Anyone who takes the four minutes necessary to look up and read the powers of Congress might ask themselves whether it holds authorization for the Department of Education, the Department of Housing and Urban Development, the Department of Agriculture, the Arctic Research Commission, the Commission of Fine Arts, the Department of Health and Human Services, the Office of Federal Student Aid, the Multifamily Housing Office, and on and on and on.
Some may reply that they think the work done by those agencies is necessary and wonderful. “We need fine art,” they say. “It lifts, it enlightens, it sharpens perception.”
That’s all wonderful. But I don’t need my perception further sharpened to realize that when Baby needs new shoes, Daddy doesn’t care to have his money confiscated in order to pay for crosses stuck in urine.
Their approach to government brings us to the nub of what we are discussing. You and I see more government as less freedom, and we yearn for the politician, much less a party with a snowball’s chance of getting some power (sorry Libertarians), who will answer those people with a loud, “So what?”
Does that mean we don’t care about education? No, it means we believe in state’s rights.
A quick aside to another of my Illinois representatives Jesse Jackson, Jr.: The term “states’ rights” is not – not – code for bringing back slavery. Grow up!
Nanny-staters on both sides of the political aisle have slowly and steadily self-aggrandized by using your money to gorge the federal government.
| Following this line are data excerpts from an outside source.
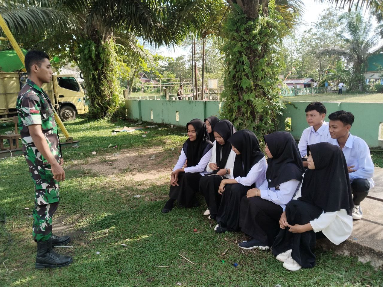 HunterNews Inhu – Babinsa Koramil 05/Peranap Kodim 0302/Inhu Pratu Rendi Rinaldi Memberi motivasi kepada anak sekolah SMK N 1 Batang Peranap yang melaksanakan Praktek Kerja Lapangan (PKL) di halaman Kantor Koramil 05/Peranap Kel. Peranap Kecamatan Peranap Kabupaten Indragiri Hulu. Rabu (17/09/2025 )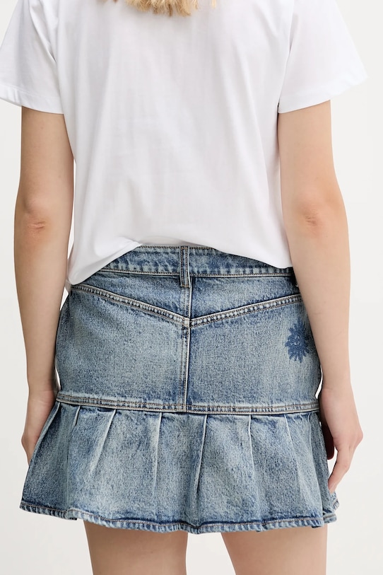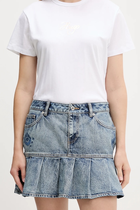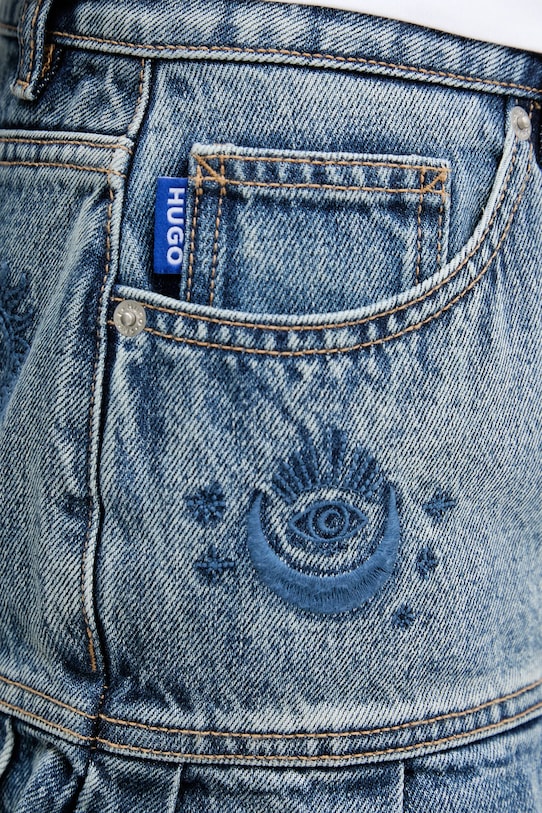 Эта юбка из коллекции Hugo Blue выполнена из потертого денима. Она изготовлена из исключительно комфортной, дышащей хлопковой ткани. - Расклешенный крой. - Модель со стандартной талией, застежкой на пуговицы и молнию. - Три накладных кармана спереди. - Материал с декоративными складками. - Модель без подкладки. - Модель с декоративной вышивкой. - Ширина талии: 38 см. - Длина: 38 см. - Размеры указаны для размера: S.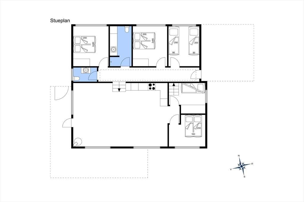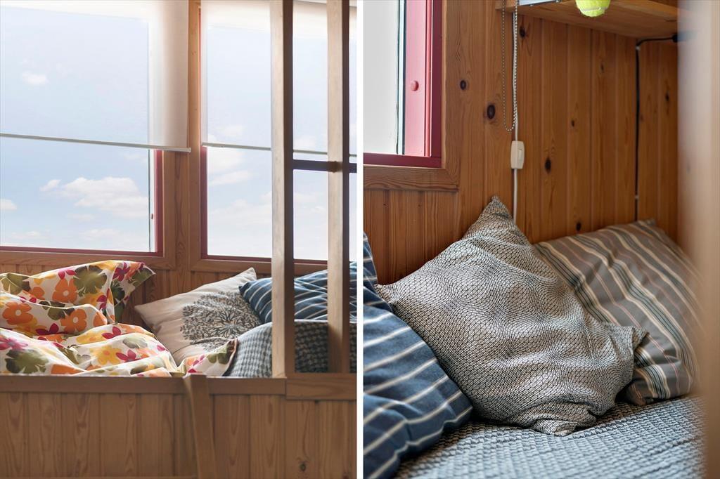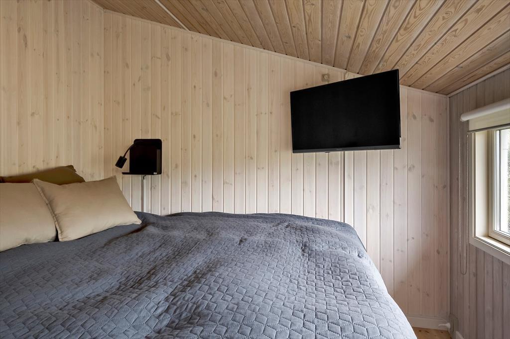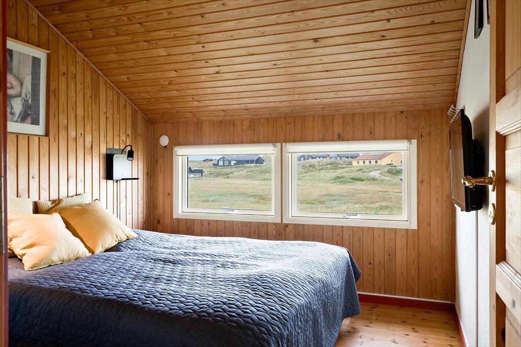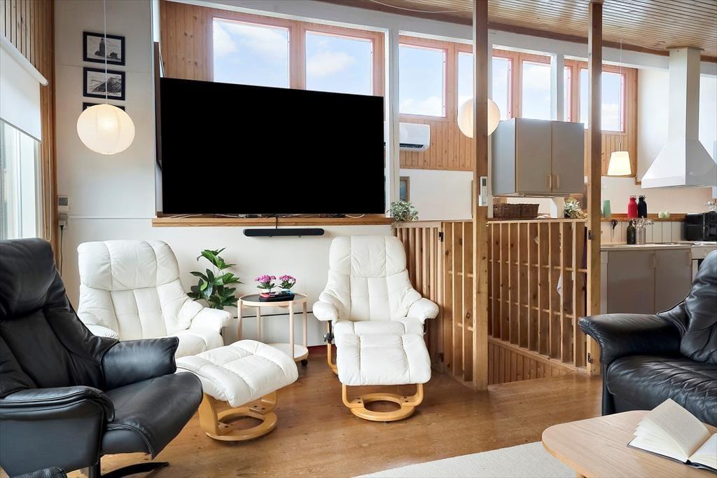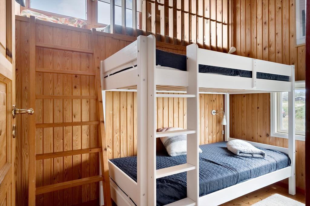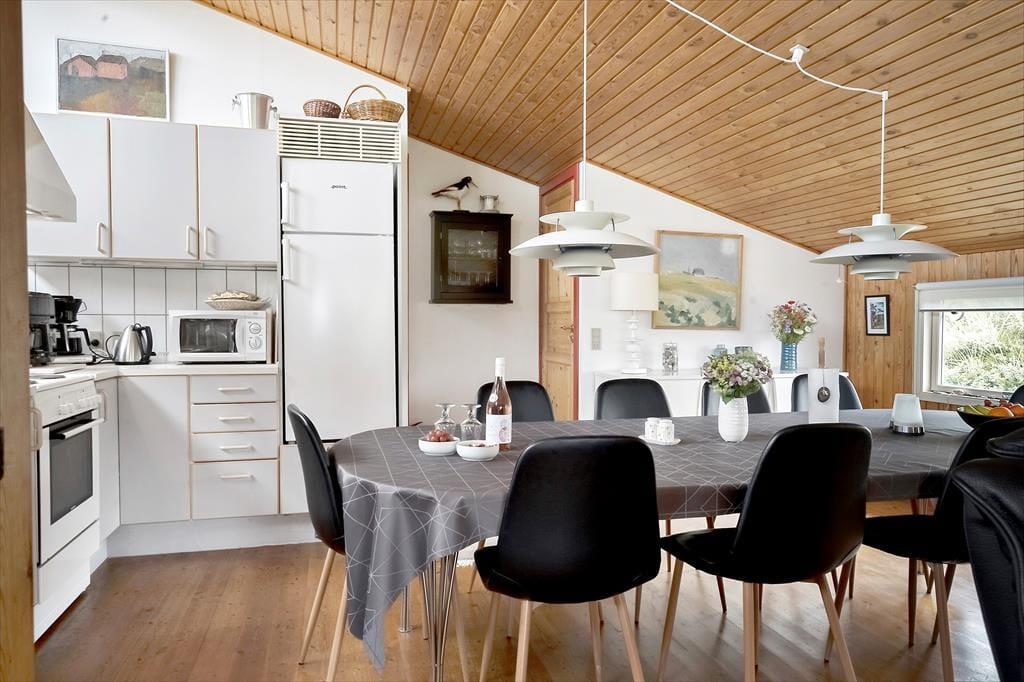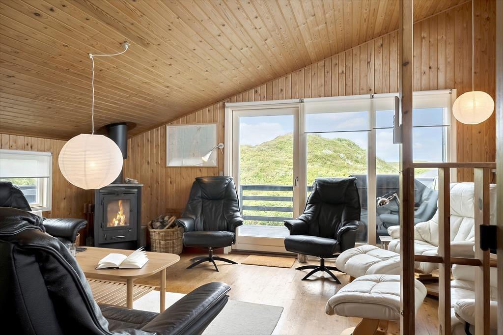 Allerede når du træder ind ad døren, mærker du stemningen af klassisk sommerhusferie. Huset emmer af hygge, med en afslappet og personlig indretning, hvor både store og små kan føle sig hjemme. De mange sengepladser gør det muligt at samle både familie og venner under ét tag – og hvis I er to familier, der rejser sammen, er der rigeligt med plads til at nyde hinandens selskab, uden at det føles trangt. Køkken og stue ligger i åben forbindelse og skaber det perfekte samlingspunkt, hvor måltider og snakke flyder naturligt sammen. Midt i stuen står husets brændeovn som et varmt og hyggeligt omdrejningspunkt – særligt på de kølige dage, hvor I kan lade flammerne danse og fylde rummet med knitren og varme. Efter en dag i det fri kan I samles her, finde ro med en god bog og en kop varm kakao, mens hundene slumrer ved jeres fødder.
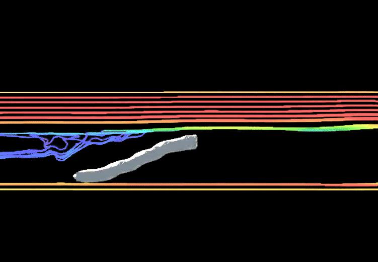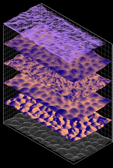 The initial area in these simulations is a linear and circular shape—the growing particles created the roughness of the skin and the thickness of the structure.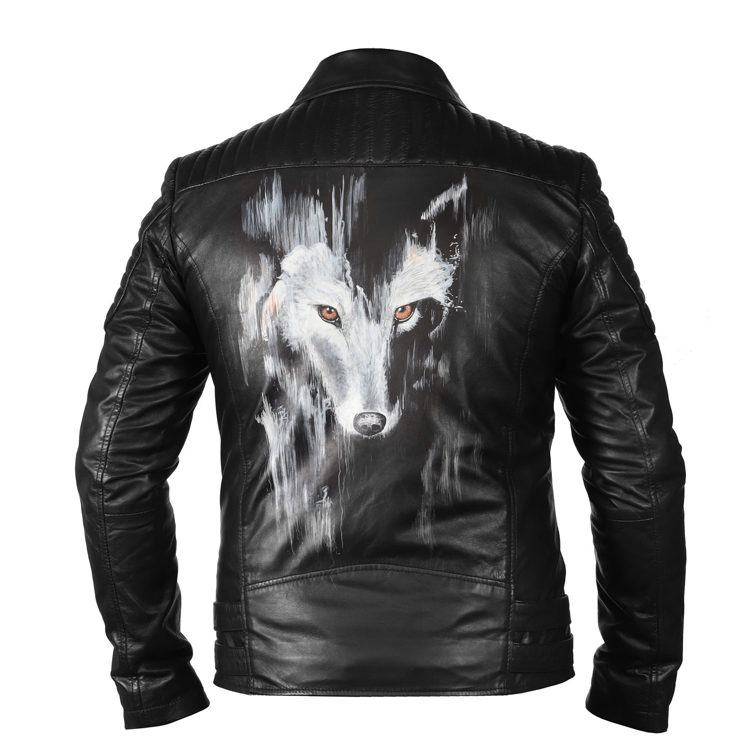 Hand-Painted "BHEDIYA"(WOLF) Black Dual Buckle Zip Closure Leather Jacket By Brune & Bareskin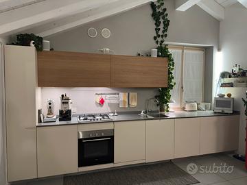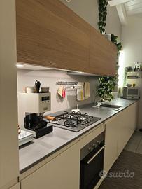 -cucina lineare con rivestimento laccato bianco caldo, pensili in rovere naturale e piano di pregio in quarzite. Fornello, forno e lavastoviglie Siemens. Larghezza circa 4.5 metri. (valore nuovo c.ca 10.000€, piccoli difetti estetici della laccatura, vendo a 3500€)

By doing so they have tipped the scale away from freedom towards reliance; a paternalistic, condescending form of government control.
If the Founders had intended the General Welfare Clause to mean that the government can do anything it wants, they would not have made a list of boundaries it couldn't cross, and then followed it with the Tenth Amendment’s and-nothing-else-we-really-mean-it warning.
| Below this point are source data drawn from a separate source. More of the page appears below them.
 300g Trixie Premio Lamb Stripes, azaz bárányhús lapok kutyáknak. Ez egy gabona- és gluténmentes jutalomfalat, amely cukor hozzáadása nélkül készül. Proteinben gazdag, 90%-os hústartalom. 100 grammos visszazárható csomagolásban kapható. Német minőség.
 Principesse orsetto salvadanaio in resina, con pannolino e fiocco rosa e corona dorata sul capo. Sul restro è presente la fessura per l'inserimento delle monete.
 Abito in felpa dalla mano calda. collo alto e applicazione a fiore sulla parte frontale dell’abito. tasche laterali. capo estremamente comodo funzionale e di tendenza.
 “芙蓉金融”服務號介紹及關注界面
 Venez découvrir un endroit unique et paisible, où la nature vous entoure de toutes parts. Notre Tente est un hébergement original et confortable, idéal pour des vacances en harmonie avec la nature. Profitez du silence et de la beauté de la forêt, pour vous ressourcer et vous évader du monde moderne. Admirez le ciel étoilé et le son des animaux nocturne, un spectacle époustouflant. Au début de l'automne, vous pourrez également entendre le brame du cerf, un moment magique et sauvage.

I remain confident that Obama will outlast Edwards (especially since his “Hey, what about me?” moment at the recent Democratic debate), so I am more likely to pay off in this wager. But we got into this in the first place because we see both men as threats to freedom in America.
Too bad the opposition to their socialist, power-grabbing urge is so thin among the ranks of the elected GOP.
As for continuing the wager, I propose to keep it simple. I offer up that timeless parable of our right to the fruits of our labors trumping the desires of the greedy income redistributors: an illustrated copy of "The Little Red Hen."